The full listing, exactly as written and with no images, is the expected output.

(Beginning of DATA)

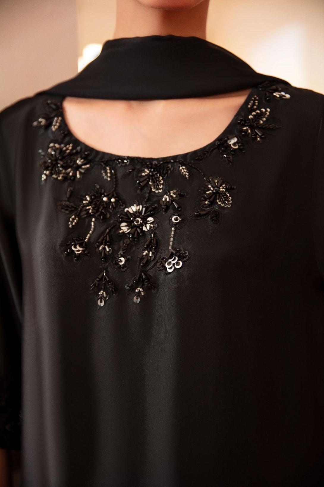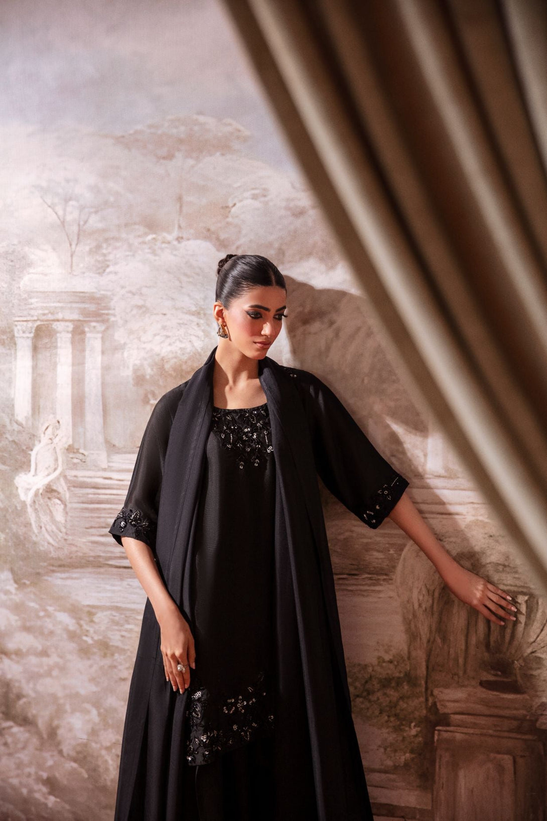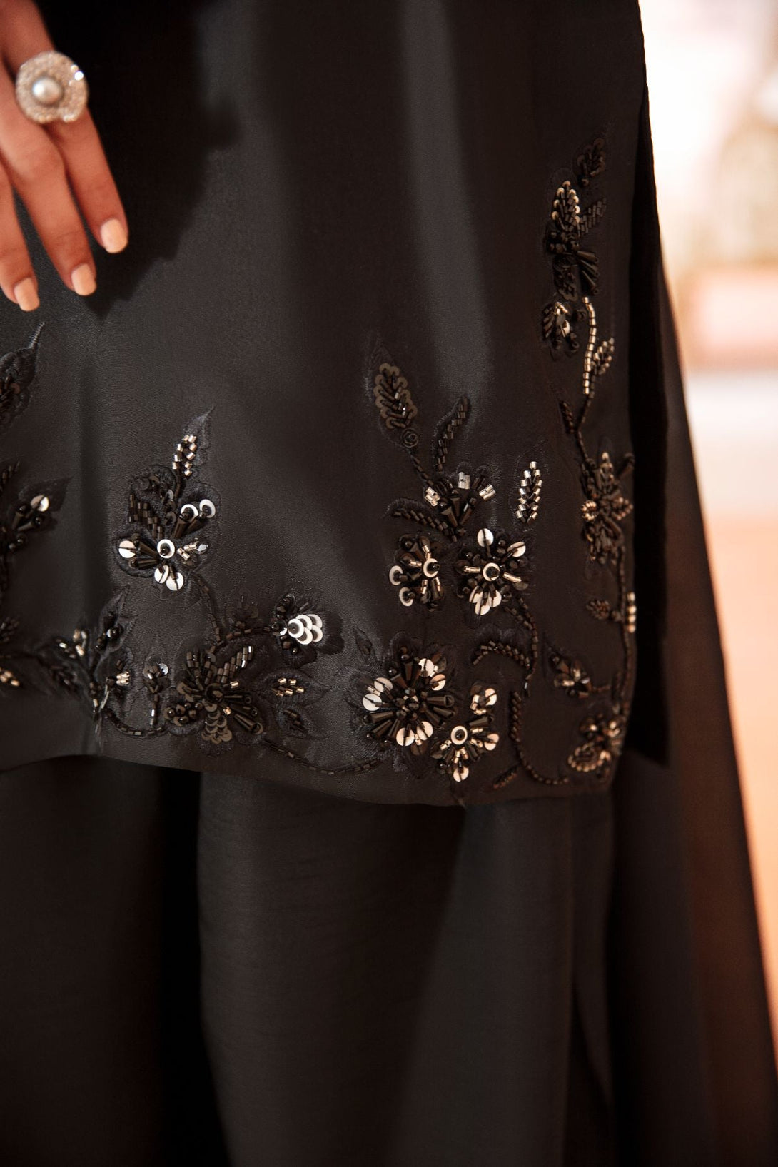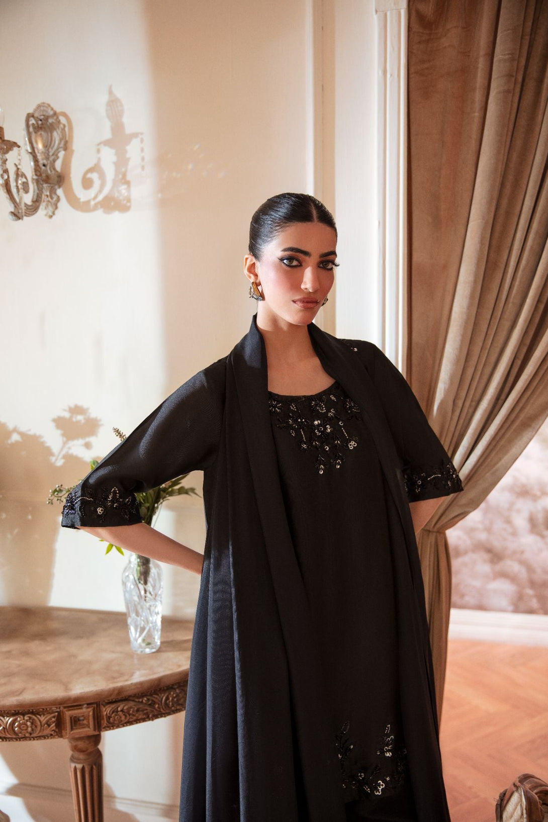 A 3pc set on sheesha Silk, embellished in monotones, it comes with a medium silk duppata and a farshi shalwar.
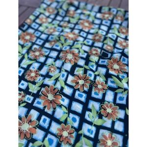 Eye-catching multicolor print: navy, sky blue, white, orange, and green
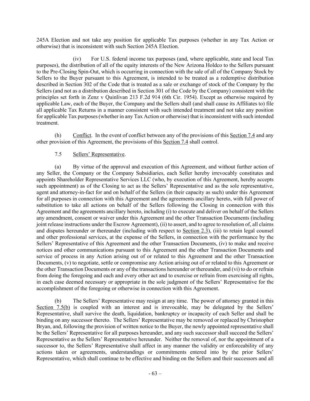 - 63 – 245A Election and not take any position for applicable Tax purposes (whether in any Tax Action or otherwise) that is inconsistent with such Section 245A Election. (iv) For U.S. federal income tax purposes (and, where applicable, state and local Tax purposes), the distribution of all of the equity interests of the New Arizona Holdco to the Sellers pursuant to the Pre-Closing Spin-Out, which is occurring in connection with the sale of all of the Company Stock by Sellers to the Buyer pursuant to this Agreement, is intended to be treated as a redemptive distribution described in Section 302 of the Code that is treated as a sale or exchange of stock of the Company by the Sellers (and not as a distribution described in Section 301 of the Code by the Company) consistent with the principles set forth in Zenz v Quinlivan 213 F.2d 914 (6th Cir. 1954). Except as otherwise required by applicable Law, each of the Buyer, the Company and the Sellers shall (and shall cause its Affiliates to) file all applicable Tax Returns in a manner consistent with such intended treatment and not take any position for applicable Tax purposes (whether in any Tax Action or otherwise) that is inconsistent with such intended treatment. (h) Conflict. In the event of conflict between any of the provisions of this Section 7.4 and any other provision of this Agreement, the provisions of this Section 7.4 shall control. 7.5 Sellers’ Representative. (a) By virtue of the approval and execution of this Agreement, and without further action of any Seller, the Company or the Company Subsidiaries, each Seller hereby irrevocably constitutes and appoints Shareholder Representative Services LLC (who, by execution of this Agreement, hereby accepts such appointment) as of the Closing to act as the Sellers’ Representative and as the sole representative, agent and attorney-in-fact for and on behalf of the Sellers (in their capacity as such) under this Agreement for all purposes in connection with this Agreement and the agreements ancillary hereto, with full power of substitution to take all actions on behalf of the Sellers following the Closing in connection with this Agreement and the agreements ancillary hereto, including (i) to execute and deliver on behalf of the Sellers any amendment, consent or waiver under this Agreement and the other Transaction Documents (including joint release instructions under the Escrow Agreement), (ii) to assert, and to agree to resolution of, all claims and disputes hereunder or thereunder (including with respect to Section 2.3), (iii) to retain legal counsel and other professional services, at the expense of the Sellers, in connection with the performance by the Sellers’ Representative of this Agreement and the other Transaction Documents, (iv) to make and receive notices and other communications pursuant to this Agreement and the other Transaction Documents and service of process in any Action arising out of or related to this Agreement and the other Transaction Documents, (v) to negotiate, settle or compromise any Action arising out of or related to this Agreement or the other Transaction Documents or any of the transactions hereunder or thereunder, and (vi) to do or refrain from doing the foregoing and each and every other act and to exercise or refrain from exercising all rights, in each case deemed necessary or appropriate in the sole judgment of the Sellers’ Representative for the accomplishment of the foregoing or otherwise in connection with this Agreement. (b) The Sellers’ Representative may resign at any time. The power of attorney granted in this Section 7.5(b) is coupled with an interest and is irrevocable, may be delegated by the Sellers’ Representative, shall survive the death, liquidation, bankruptcy or incapacity of each Seller and shall be binding on any successor thereto. The Sellers’ Representative may be removed or replaced by Christopher Bryan, and, following the provision of written notice to the Buyer, the newly appointed representative shall be the Sellers’ Representative for all purposes hereunder, and any such successor shall succeed the Sellers’ Representative as the Sellers’ Representative hereunder. Neither the removal of, nor the appointment of a successor to, the Sellers’ Representative shall affect in any manner the validity or enforceability of any actions taken or agreements, understandings or commitments entered into by the prior Sellers’ Representative, which shall continue to be effective and binding on the Sellers and their successors and all
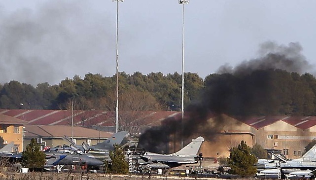Le ministère de la Défense précise qu’«à 15h30 sur la base aérienne d’Albacete en Espagne, un F16 Biplace des forces aériennes grecques s’est écrasé sur un des parkings de la base où étaient stationnés des avions de chasse de plusieurs nationalités, dont deux Alpha Jet, deux Mirage 2000D et deux Rafale français. Le ministre de la Défense, Jean-Yves Le Drian, se rendra sur place mardi après-midi.
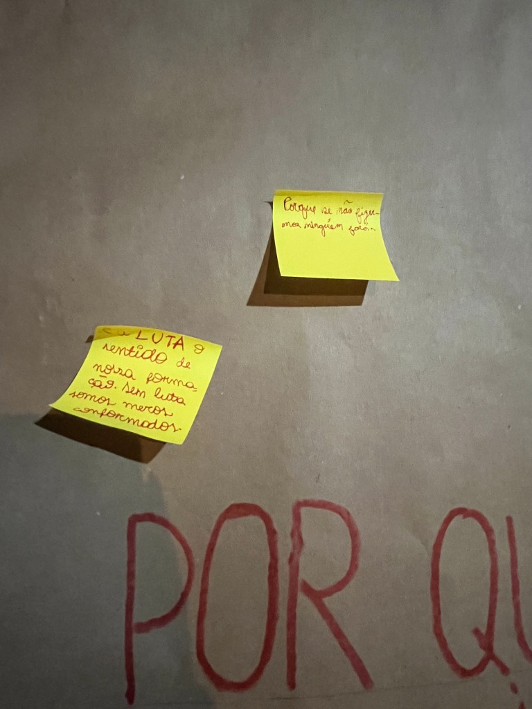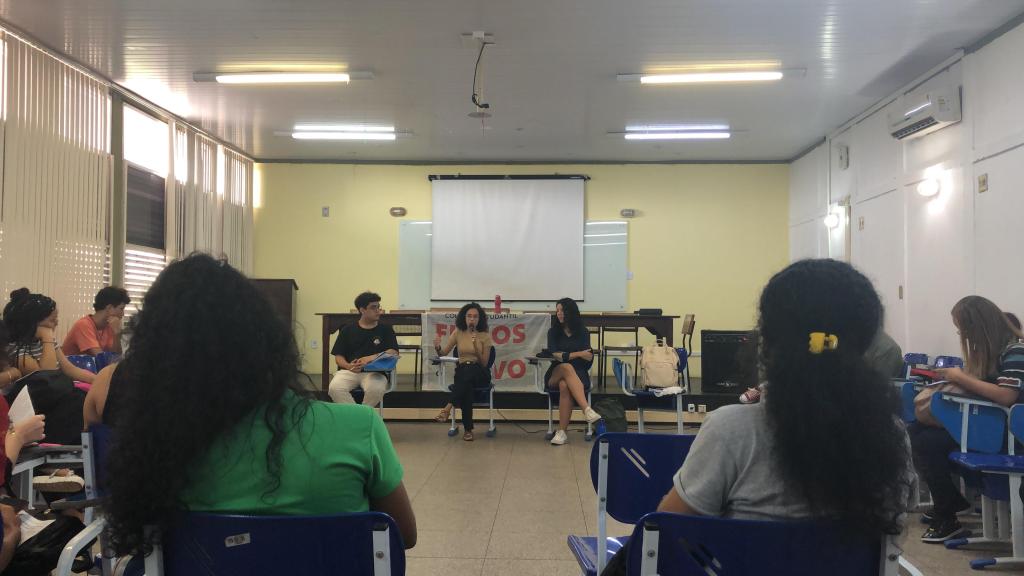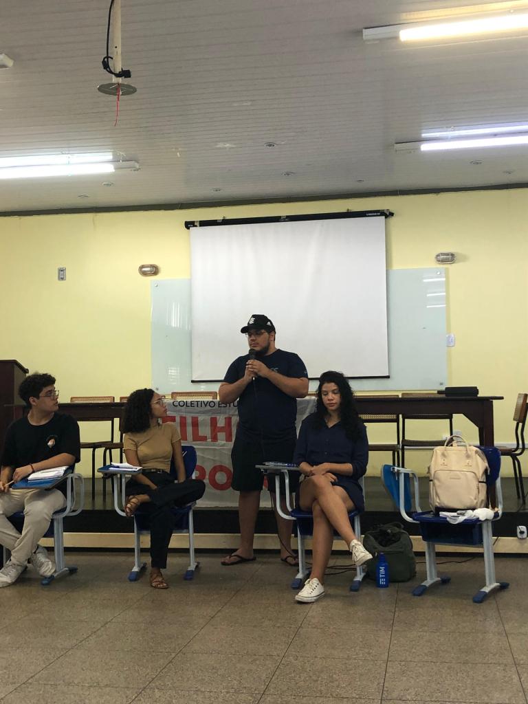 Durante a conversa, estudantes de comunicação social e artes visuais se posicionaram, demonstrando a necessidade dos estudantes se organizarem no movimento estudantil para defender com unhas e dentes a educação pública.
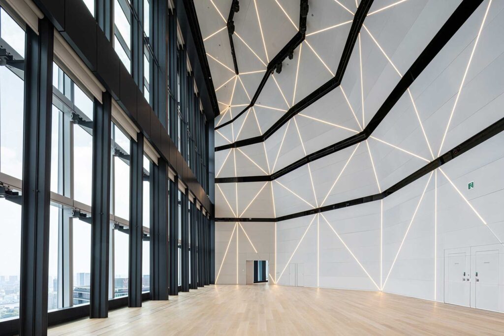 @ルイ・ヴィトン表参道ビル7F。現代アートの創造を促進するエキシビジョンスペース。パリの芸術機関フォンダシオン ルイ・ヴィトンの所蔵品を発表。空に浮かんでいるような景色を望めるガラス張りの空間は、新たなインスピレーションを喚起させる。
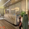 Quầy thanh toán đặt ở cuối không gian, sử dụng chất liệu đá kết hợp gỗ, mang lại sự vững chắc và sang trọng. Bề mặt quầy rộng, tạo sự thuận tiện cho việc gói hàng và thanh toán.
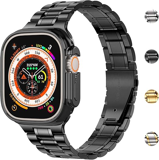 MioHHR ステンレススチールバンド Apple Watchバンド Ultra 3 2 1 49mm メタル交換用リストバンドストラップ iWatch シリーズ Ultra 3 2 1用, ブラック a
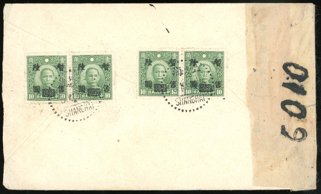 1943 (5 Oct.) express envelope to Kweiyang bearing on reverse Dr.S.Y.S. $6 (4) cancelled by Shanghai bilingual dotted rim c.d.s., with censor seal, fine.
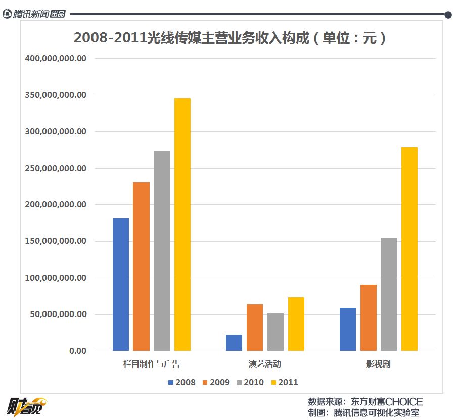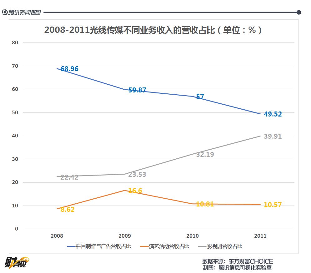 从2008年-2011年公司主营业务收入结构看,光线传媒栏目制作与广告的营收占比逐渐减少,从2008年的68.96%下降到2011年的49.52%,而影视剧的营收占比逐渐增加,从2008年的22.42%上升到2011年的39.91%。

(End of DATA)

**SOLVED EXERCISE:**
 A 3pc set on sheesha Silk, embellished in monotones, it comes with a medium silk duppata and a farshi shalwar.
 Eye-catching multicolor print: navy, sky blue, white, orange, and green
 - 63 – 245A Election and not take any position for applicable Tax purposes (whether in any Tax Action or otherwise) that is inconsistent with such Section 245A Election. (iv) For U.S. federal income tax purposes (and, where applicable, state and local Tax purposes), the distribution of all of the equity interests of the New Arizona Holdco to the Sellers pursuant to the Pre-Closing Spin-Out, which is occurring in connection with the sale of all of the Company Stock by Sellers to the Buyer pursuant to this Agreement, is intended to be treated as a redemptive distribution described in Section 302 of the Code that is treated as a sale or exchange of stock of the Company by the Sellers (and not as a distribution described in Section 301 of the Code by the Company) consistent with the principles set forth in Zenz v Quinlivan 213 F.2d 914 (6th Cir. 1954). Except as otherwise required by applicable Law, each of the Buyer, the Company and the Sellers shall (and shall cause its Affiliates to) file all applicable Tax Returns in a manner consistent with such intended treatment and not take any position for applicable Tax purposes (whether in any Tax Action or otherwise) that is inconsistent with such intended treatment. (h) Conflict. In the event of conflict between any of the provisions of this Section 7.4 and any other provision of this Agreement, the provisions of this Section 7.4 shall control. 7.5 Sellers’ Representative. (a) By virtue of the approval and execution of this Agreement, and without further action of any Seller, the Company or the Company Subsidiaries, each Seller hereby irrevocably constitutes and appoints Shareholder Representative Services LLC (who, by execution of this Agreement, hereby accepts such appointment) as of the Closing to act as the Sellers’ Representative and as the sole representative, agent and attorney-in-fact for and on behalf of the Sellers (in their capacity as such) under this Agreement for all purposes in connection with this Agreement and the agreements ancillary hereto, with full power of substitution to take all actions on behalf of the Sellers following the Closing in connection with this Agreement and the agreements ancillary hereto, including (i) to execute and deliver on behalf of the Sellers any amendment, consent or waiver under this Agreement and the other Transaction Documents (including joint release instructions under the Escrow Agreement), (ii) to assert, and to agree to resolution of, all claims and disputes hereunder or thereunder (including with respect to Section 2.3), (iii) to retain legal counsel and other professional services, at the expense of the Sellers, in connection with the performance by the Sellers’ Representative of this Agreement and the other Transaction Documents, (iv) to make and receive notices and other communications pursuant to this Agreement and the other Transaction Documents and service of process in any Action arising out of or related to this Agreement and the other Transaction Documents, (v) to negotiate, settle or compromise any Action arising out of or related to this Agreement or the other Transaction Documents or any of the transactions hereunder or thereunder, and (vi) to do or refrain from doing the foregoing and each and every other act and to exercise or refrain from exercising all rights, in each case deemed necessary or appropriate in the sole judgment of the Sellers’ Representative for the accomplishment of the foregoing or otherwise in connection with this Agreement. (b) The Sellers’ Representative may resign at any time. The power of attorney granted in this Section 7.5(b) is coupled with an interest and is irrevocable, may be delegated by the Sellers’ Representative, shall survive the death, liquidation, bankruptcy or incapacity of each Seller and shall be binding on any successor thereto. The Sellers’ Representative may be removed or replaced by Christopher Bryan, and, following the provision of written notice to the Buyer, the newly appointed representative shall be the Sellers’ Representative for all purposes hereunder, and any such successor shall succeed the Sellers’ Representative as the Sellers’ Representative hereunder. Neither the removal of, nor the appointment of a successor to, the Sellers’ Representative shall affect in any manner the validity or enforceability of any actions taken or agreements, understandings or commitments entered into by the prior Sellers’ Representative, which shall continue to be effective and binding on the Sellers and their successors and all
Le ministère de la Défense précise qu’«à 15h30 sur la base aérienne d’Albacete en Espagne, un F16 Biplace des forces aériennes grecques s’est écrasé sur un des parkings de la base où étaient stationnés des avions de chasse de plusieurs nationalités, dont deux Alpha Jet, deux Mirage 2000D et deux Rafale français. Le ministre de la Défense, Jean-Yves Le Drian, se rendra sur place mardi après-midi.
 Durante a conversa, estudantes de comunicação social e artes visuais se posicionaram, demonstrando a necessidade dos estudantes se organizarem no movimento estudantil para defender com unhas e dentes a educação pública.
 @ルイ・ヴィトン表参道ビル7F。現代アートの創造を促進するエキシビジョンスペース。パリの芸術機関フォンダシオン ルイ・ヴィトンの所蔵品を発表。空に浮かんでいるような景色を望めるガラス張りの空間は、新たなインスピレーションを喚起させる。
 Quầy thanh toán đặt ở cuối không gian, sử dụng chất liệu đá kết hợp gỗ, mang lại sự vững chắc và sang trọng. Bề mặt quầy rộng, tạo sự thuận tiện cho việc gói hàng và thanh toán.
 MioHHR ステンレススチールバンド Apple Watchバンド Ultra 3 2 1 49mm メタル交換用リストバンドストラップ iWatch シリーズ Ultra 3 2 1用, ブラック a
 1943 (5 Oct.) express envelope to Kweiyang bearing on reverse Dr.S.Y.S. $6 (4) cancelled by Shanghai bilingual dotted rim c.d.s., with censor seal, fine.
 从2008年-2011年公司主营业务收入结构看,光线传媒栏目制作与广告的营收占比逐渐减少,从2008年的68.96%下降到2011年的49.52%,而影视剧的营收占比逐渐增加,从2008年的22.42%上升到2011年的39.91%。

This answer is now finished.